Impact of Estrogen Deprivation on Germ Cell Meiosis and Follicular Differentiation

In the rabbit ovary, the first signs of meiosis are detected histologically at 30 to 31 dpc, ie, at around birth. Typical meiotic germ cells (prophase I) are then observed for less than 2 weeks. After meiosis arrest at diplotene stage, follicles start to differentiate. The peak of expression of the STRA8 gene that marks the commitment of germ cells to meiosis starts at 24 to 28 dpc (13). We therefore sought to analyze at 28 dpc (meiosis commitment), 34 dpc (start of meiosis) and a few days or weeks after birth (folliculogenesis) whether the initiation and arrest of meiosis I and early follicular formation were impacted in ARO ovaries. In WT and ARO 28 dpc ovaries (Fig. 11A), numerous germ cells were positively labeled by OCT4, DDX4, and STRA8 ISH specific probes (Fig. 11B-11D). The STRA8 labeling proves the overall commitment of germ cells in meiosis in WT and ARO ovaries. However, in these later, the number of positive germ cells for the 3 probes was low. More, they were clustered in small ovigerous-like structures, while in WT ovaries they were all observed in large ovigerous cords. Positive FOXL2-labeled cells were also much less numerous in ARO ovaries, as shown by the low numbers of hybridization labels. Nevertheless, some of these FOXL2-positive cells displayed a flattened shape and surrounded the small ovigerous-like structures embedding germ cells, as in WT ovaries (Fig. 11E).
Figure 11.

Germ cells were committed to meiosis in wild-type (WT) and ARO ovaries from 28 dpc old fetuses. Ovaries were fixed in PAF, then HES stained or analyzed by ISH. (A) Morphology of the ovaries. The images show the difference in overall size of the gonads and the different thicknesses of the cortex. The OCT4 (B) and DDX4 (C) ISH probes labeled pluripotent germ cells and differentiating germ cells, respectively. The STRA8 ISH probe (D) labeled germ cells committed to meiosis. The FOXL2 ISH probe (E) labeled differentiating somatic cells. Note that the latter were mainly distributed around and within the ovigerous cords in WT ovaries, but in contrast were dispersed throughout the gonad in the ARO rabbit. As in all ISH images, positive labeling appears as colored dots.

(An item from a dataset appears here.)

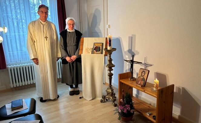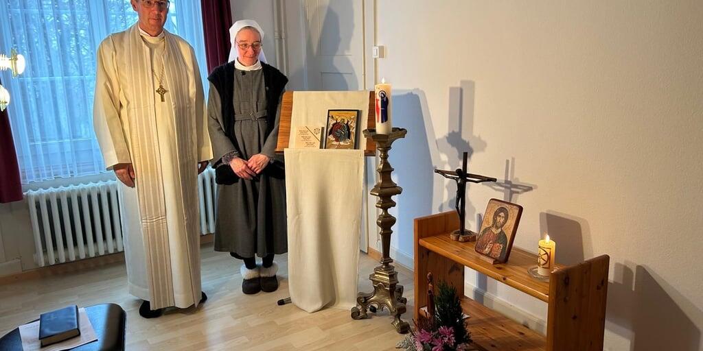 Als Diözesaneremitin lebt Schwester Maria-Amadea ihre Berufung in der Verbindung mit dem Bistum und dem Bischof von St.Gallen. So hat Bischof Beat am Iddafest vom vergangenen Sonntag das Postulatsversprechen von Schwester Maria-Amadea entgegengenommen und ihren Gebetsraum im Pfarrhaus, die Eremo des Heiligen Elias, gesegnet. Damit beginnt für die Schwester ein dreijähriger Weg, in die eremitische Lebensform hineinzuwachsen.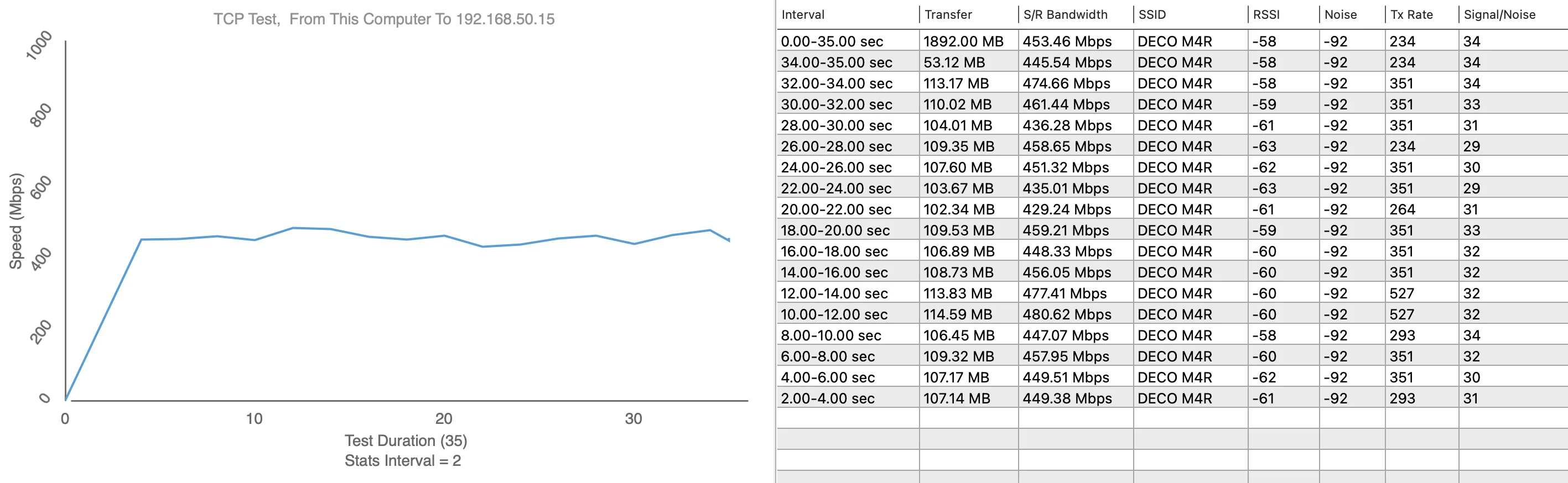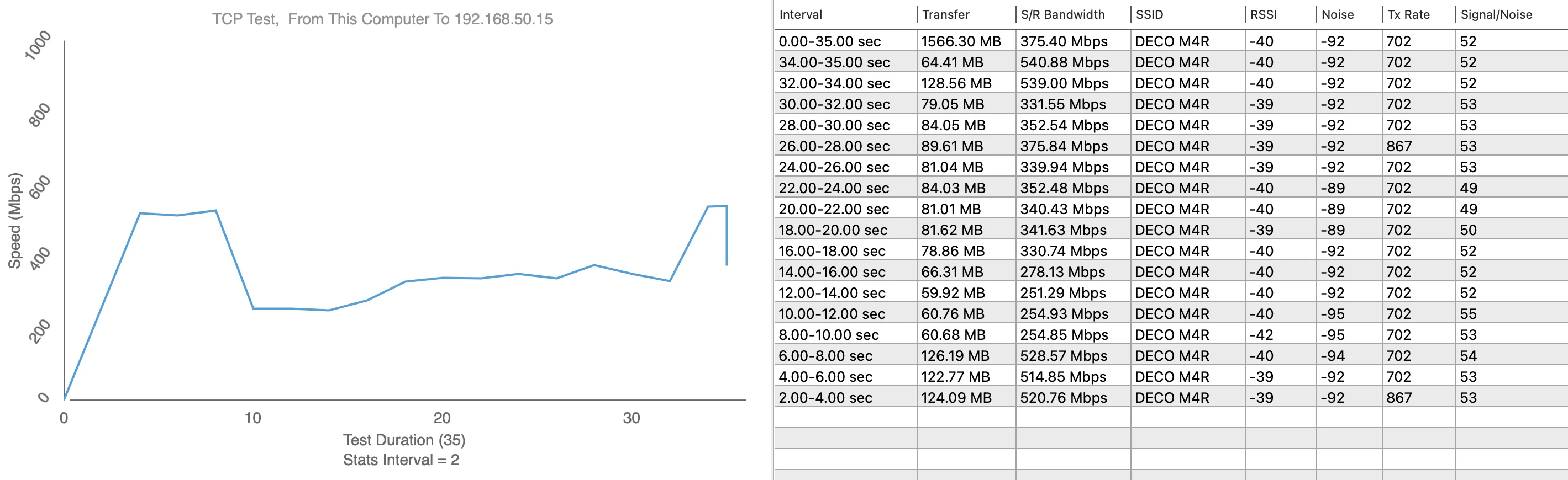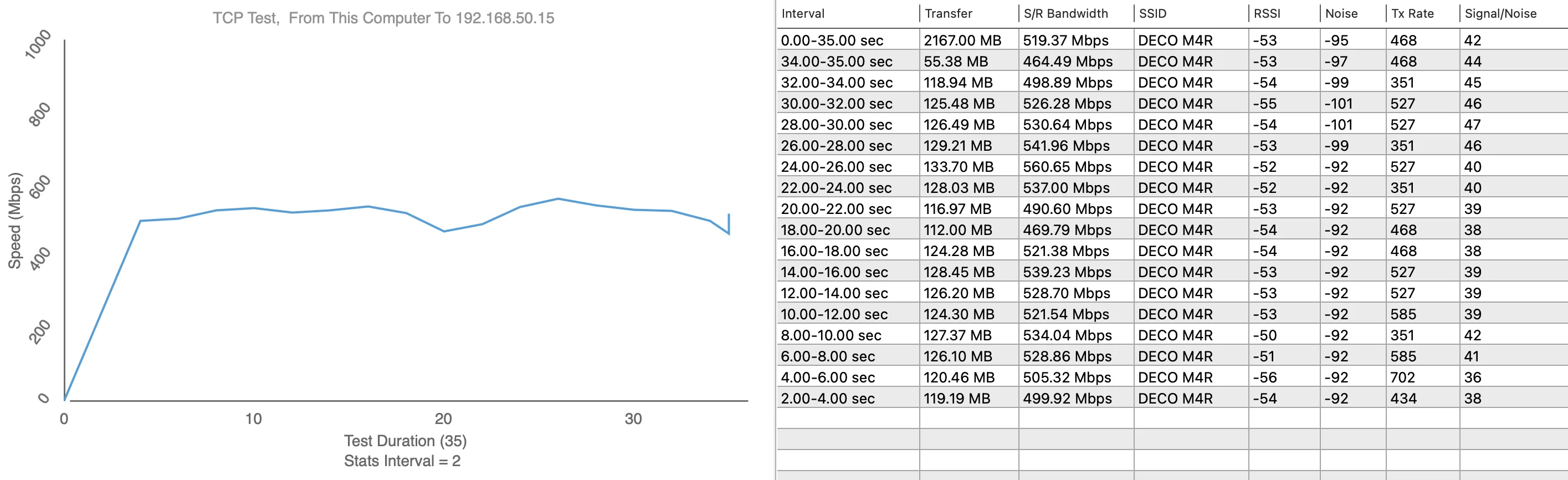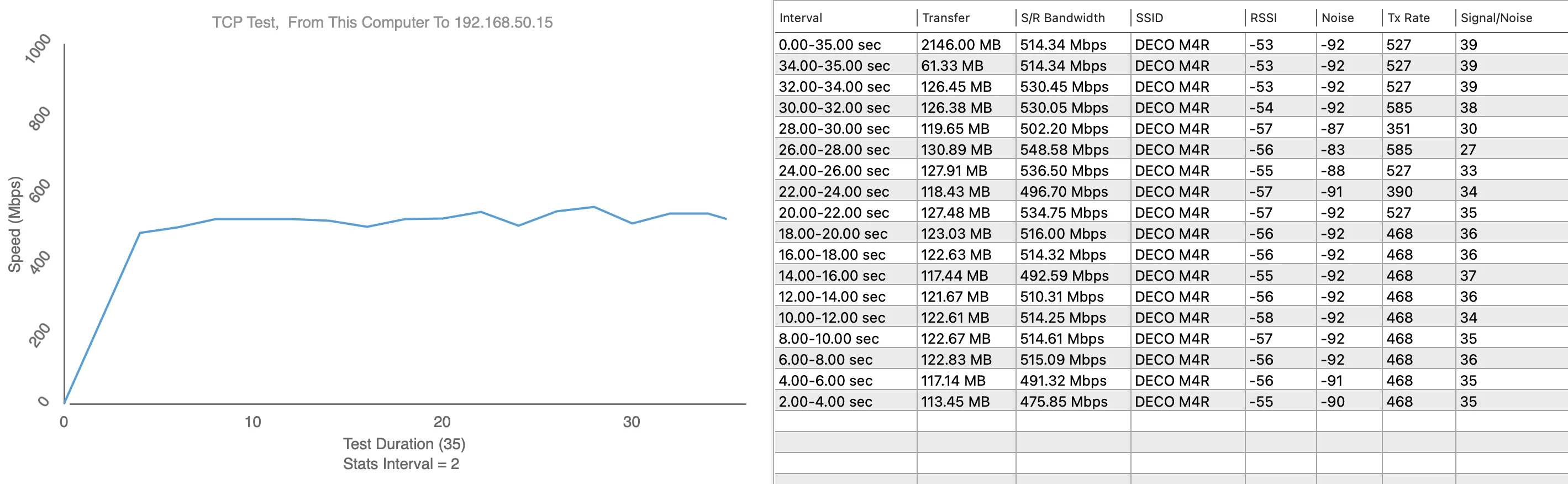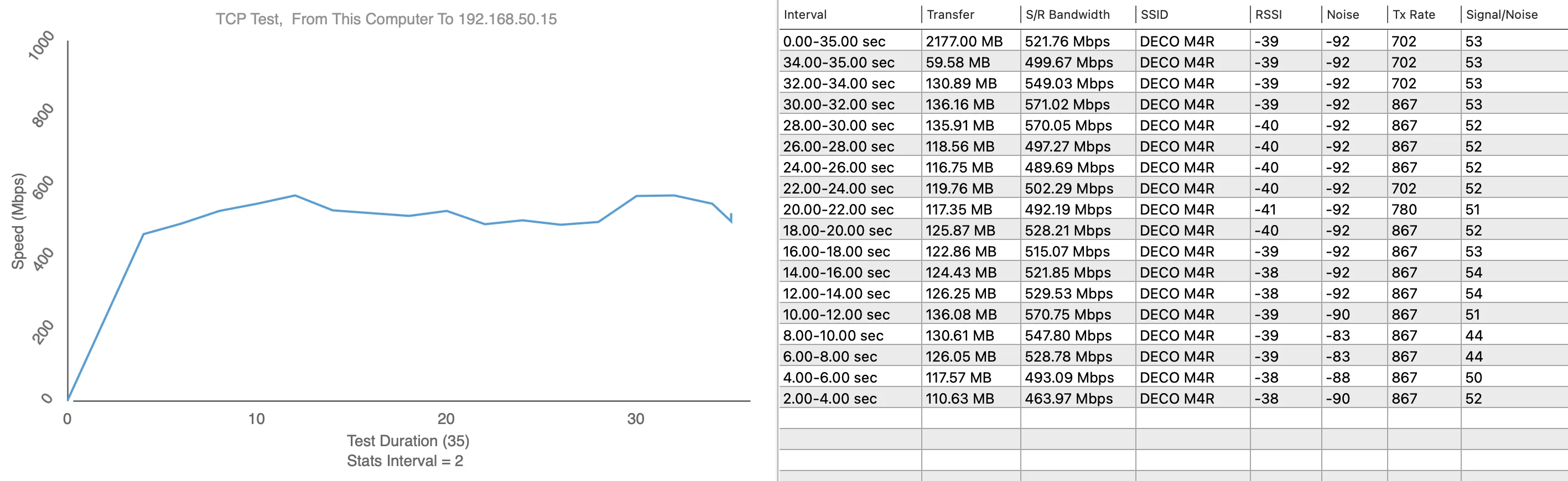After firing up the home WiFi system, there was WiFi coverage at all the points indicated. In the room where the device was set up, the best throughput was 571 Mbps.

Germ cells were committed to meiosis in wild-type (WT) and ARO ovaries from 28 dpc old fetuses. Ovaries were fixed in PAF, then HES stained or analyzed by ISH. (A) Morphology of the ovaries. The images show the difference in overall size of the gonads and the different thicknesses of the cortex. The OCT4 (B) and DDX4 (C) ISH probes labeled pluripotent germ cells and differentiating germ cells, respectively. The STRA8 ISH probe (D) labeled germ cells committed to meiosis. The FOXL2 ISH probe (E) labeled differentiating somatic cells. Note that the latter were mainly distributed around and within the ovigerous cords in WT ovaries, but in contrast were dispersed throughout the gonad in the ARO rabbit. As in all ISH images, positive labeling appears as colored dots. At 34 dpc, in WT ovaries, most ovigerous cords were filled with numerous zygotene germ cells, thus showing that meiosis had started in the majority of germ cells (Fig. 12A and a1). By contrast, in ARO ovaries, germ cells at zygotene were sparse (Fig. 12B and b1, b2).
Figure 12.

Meiosis in wild-type (WT) and ARO ovaries. Ovaries collected at 34 dpc (3-4 days after birth) were fixed in Bouin’s then HES stained. The stages of meiosis were identified as previously published (70). (A) In WT ovaries, large ovigerous cords were filled with numerous germ cells in zygotene (a1, red arrows). Few pachytene stages were observed in the inner part of the cords (a1, blue arrows). (B) In ARO ovaries, the rare ovigerous cords were filled with a small number of germ cells in zygotene (b1). As in WT ovaries, some germ cells in pachytene were found in the inner part of the cords (b2). In both ovaries, aberrant pictures of cell nuclei were characterized by punctiform or condensed and dark colored chromatin (red stars). Blue stars indicate the connective tissue already observed, mostly in ARO ovaries.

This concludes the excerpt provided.